- Born: Ian Stuart Liston 4 August 1948 Crosby, Lancashire, England
- Died: 1 October 2016 (aged 68) Haywards Heath, West Sussex, England
- Occupations: Actor, theatrical producer
- Years active: 1968–2016
- Spouse: Vivien Singleton-Green (m. 1995)

= Ian Liston =

English actor, theatrical producer (1948–2016)

Ian Stuart Liston (4 August 1948 – 1 October 2016) was an English stage, film and television actor and theatrical producer specialising in pantomime, revue and productions for the British touring theatre market. Diagnosed with prostate cancer in 2003, he was also a volunteer 'patient advocate'.

==Early life==

Born in Crosby, Lancashire, he studied at Walton Grammar School but failed his 'O' levels. Instead, he achieved A levels at technical college before studying Business Studies at Enfield Polytechnic. His work experience was at British Gas.

After being a call boy with a local operatic society, Liston joined the Everyman Theatre in 1964 as an assistant stage manager. By 1970, he became a location manager for Apple Films, working on movies such as Gumshoe, Sitting Target and O Lucky Man!. Liston also worked as a teaboy at Elstree Studios.

==Acting career==

Entering the industry in 1968, Liston's TV career comprises Softly, Softly: Task Force, Z-Cars, Dixon of Dock Green, The Brothers, Coronation Street, Warship, Barlow at Large, Within These Walls, The Onedin Line, Secret Army, 1990, The Professionals, Doctor Who (Season 16 conclusion The Armageddon Factor), Armchair Thriller, Juliet Bravo, Play for Today, The Bill, Bramwell, Silent Witness and Bugs.
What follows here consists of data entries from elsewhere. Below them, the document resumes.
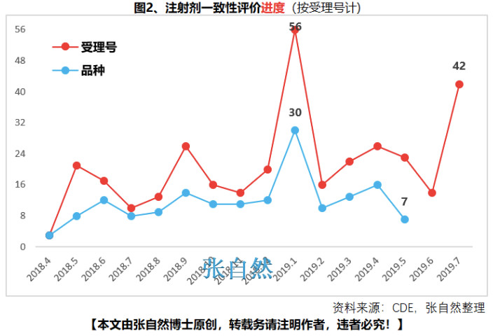 如下图所示,在去年年底4+7中选结果公布的那段时间,注射剂一致性评价申请达到了顶峰,2019年1月达56个,但4+7的降价幅度,使企业对一致性评价工作谨慎了很多,再后来,随着国家对带量采购的坚决执行,企业又提高了注射剂一致性评价的进度。
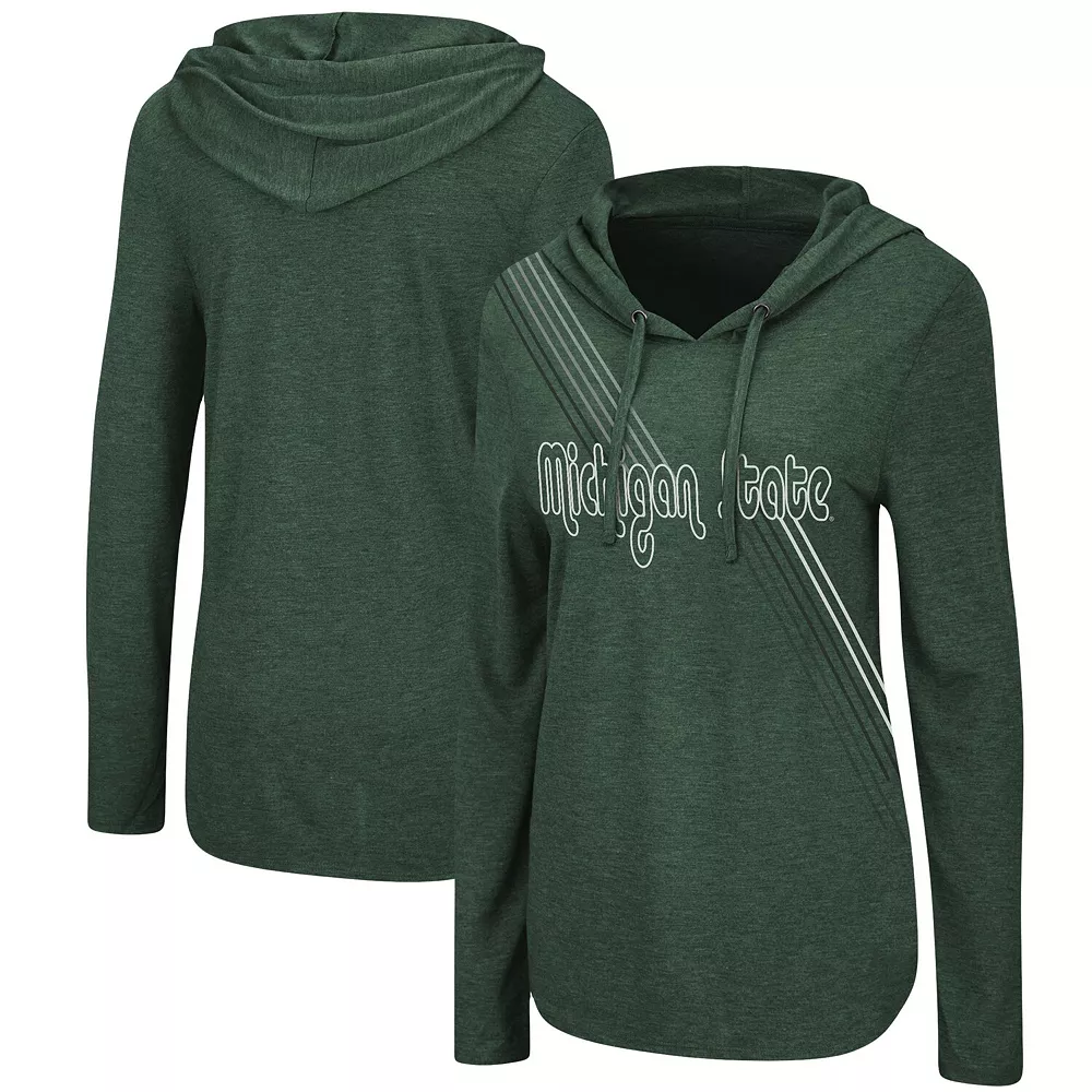 As the temperatures start to dip a little during the Michigan State Spartans season, stay warm and comfy in casual fashion by sliding on this Bernadette Hoodie T-shirt from Colosseum. The retro-style graphics add a vibrant vibe to your Michigan State Spartans gear. It’ll become a go-to favorite of yours.
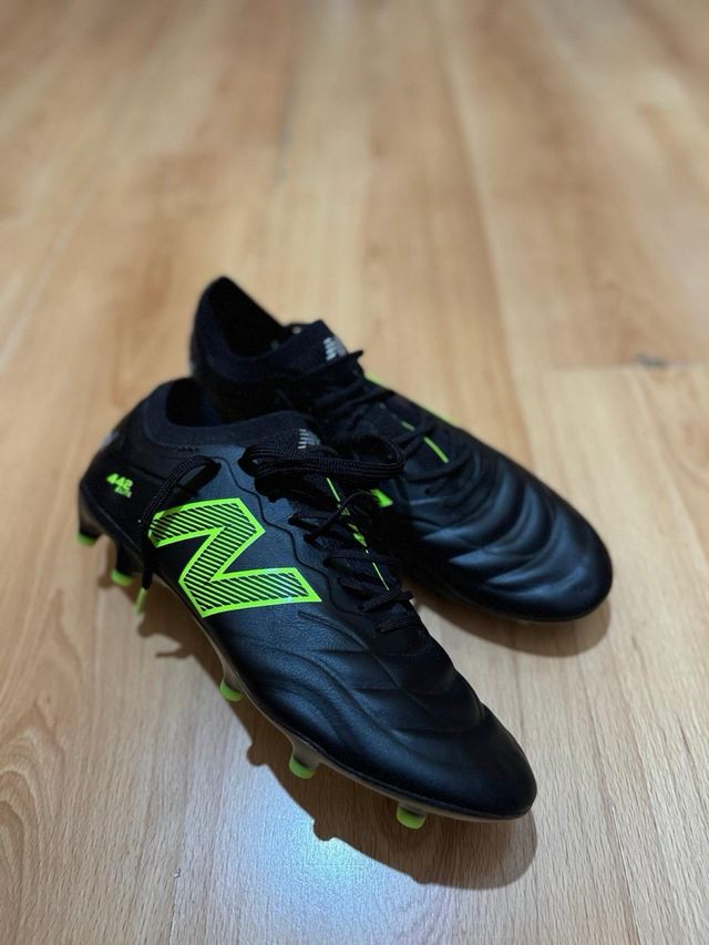 Vendo estas New Balance 442 Elite FG en negro y verde neón, un modelo top pensado para jugadores que buscan comodidad, control y un toque más clásico pero con materiales modernos.
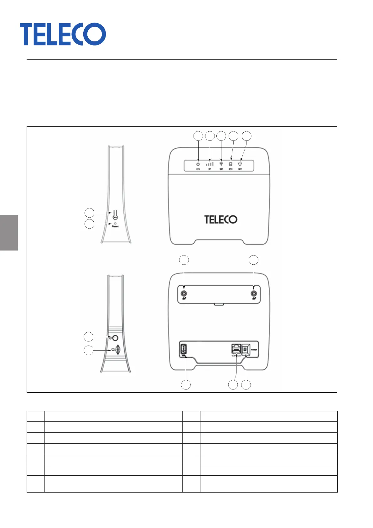 7 Reset 14 SMA-Anschluss für externe Antenne (externe Antenne nicht
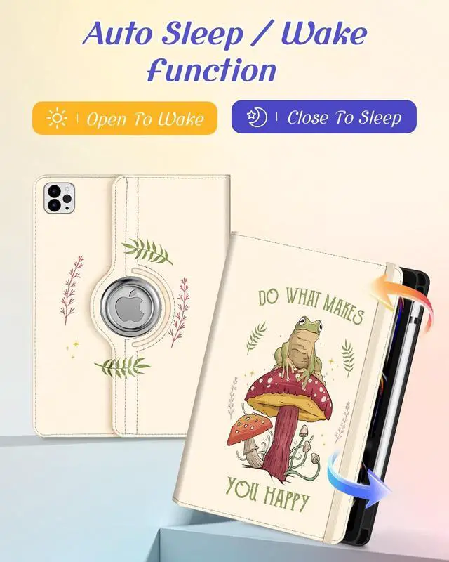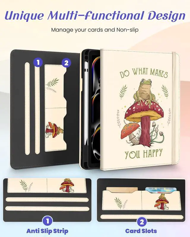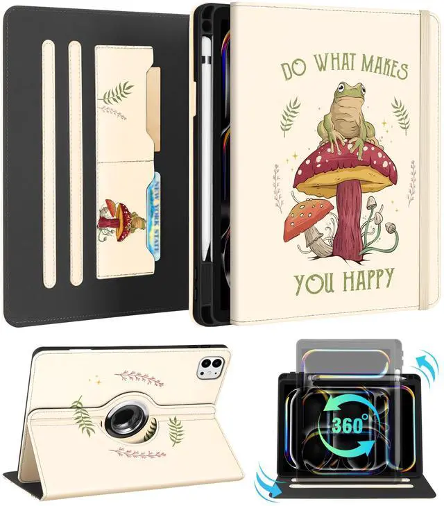 Kidcube for iPad Pro 11 Inch Case M4 2024 5th Generation - Women Girls Cute Rotating Stand Folio Cover with Pencil Holder & Card Slot Cool Frog Mushroom Design for iPad Pro 11'' Case 2024 M4 5th Gen
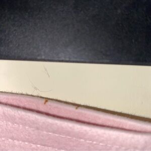 Pre-loved with some untreated spots- one near pocket and along the top of the band as shown. I took photos from both sides to show that you can see that it does show on outside in back. Very small though.
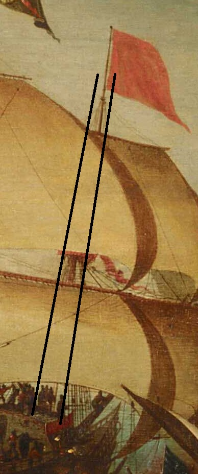 Снизу только снасти идут - выше мачта коричневого цвета и более широкая. Если продолжить ее проекцию вниз, то она должна проходить по левой стороне прямоугольника, который ты нарисовал) Допускаю, что моменте, изображенном на картине, произошел пушечный залп, и мачту заволокло пороховым дымом...

However, he is best remembered for playing Ron Brownlow in soap opera Crossroads from 1980–1985.

In film, he appeared as Sergeant Whitney of the Royal Army Medical Corps in Richard Attenborough's A Bridge Too Far but he is best known to Star Wars fans for playing the 'cult' part of Wes Janson (and a number of 'masked' characters including the AT-AT Driver in the same battle sequence, technically shooting himself down) in The Empire Strikes Back. His character features widely in the 'expanded universe' of books and games with Liston consequently attending many conventions as a result.

==Theatre==

In 1977, Liston set up the Hiss & Boo Company, where he appeared in over 3000 of their Music Hall performances as Mr Chairman. He was the original producer of the stage play Cluedo and the first person to bring the Mr. Men to the stage.

The company ventured into pantomimes in 1995. Some productions the company put on included:

- Aladdin, starring Jeffrey Holland, Robert Duncan and Judy Buxton at the Queen's Theatre, Barnstaple.
- Jack and the Beanstalk, at the Riverfront Theatre (where the cast helped rescue an elderly woman from the River Usk) in 2015.
- Snow White, starring Colin Baker and Fascinating Aïda at the Hall for Cornwall.
- Dick Whittington and His Cat, starring Sylvester McCoy as King Rat at London Zoo in 2005 (their first-ever pantomime).

Aside from Hiss & Boo, Liston produced seven plays in the West End (including An Ideal Husband, Groucho: A Life in Revue, Last of the Red Hot Lovers and Nunsense). For 20 years, he was also an active council member of the Theatrical Management Association. In 2005, he was initiated as the 854th member of the Grand Order of Water Rats.

==Other work==
Liston also authored several plays for BBC Radio 4.

==Personal life==

In April 1995, Liston married Vivien, a lawyer. They moved to West Sussex two years later where they spent the rest of their lives together.

==Death==

In 2003, Liston was diagnosed with prostate cancer (his father, a docker for Cunard, had died of this when he was 72). It spread to his bones and the actor was told he had months to live. Instead of going into a hospice, Liston was referred to Royal Marsden Hospital, taking part in drug trials over the next 12 years based upon revolutionary sampling of his DNA, which made headline news. This in turn led to Liston becoming a stalwart supporter and advocate of prostate cancer research, globe-trotting to events and places such as the Annual Meeting of the American Association for Cancer Research in New Orleans, San Francisco and Detroit, discussing cancer survivorship with other people.

Contrary to reports that the actor had beaten cancer in March 2016, this was not the case. As a result of many years of treatment, his immune system was destroyed, leaving him vulnerable to further illness. This led to Liston catching pneumonia and sepsis, which took his life seven months later. Vivien died that Christmas, a couple of months after her husband.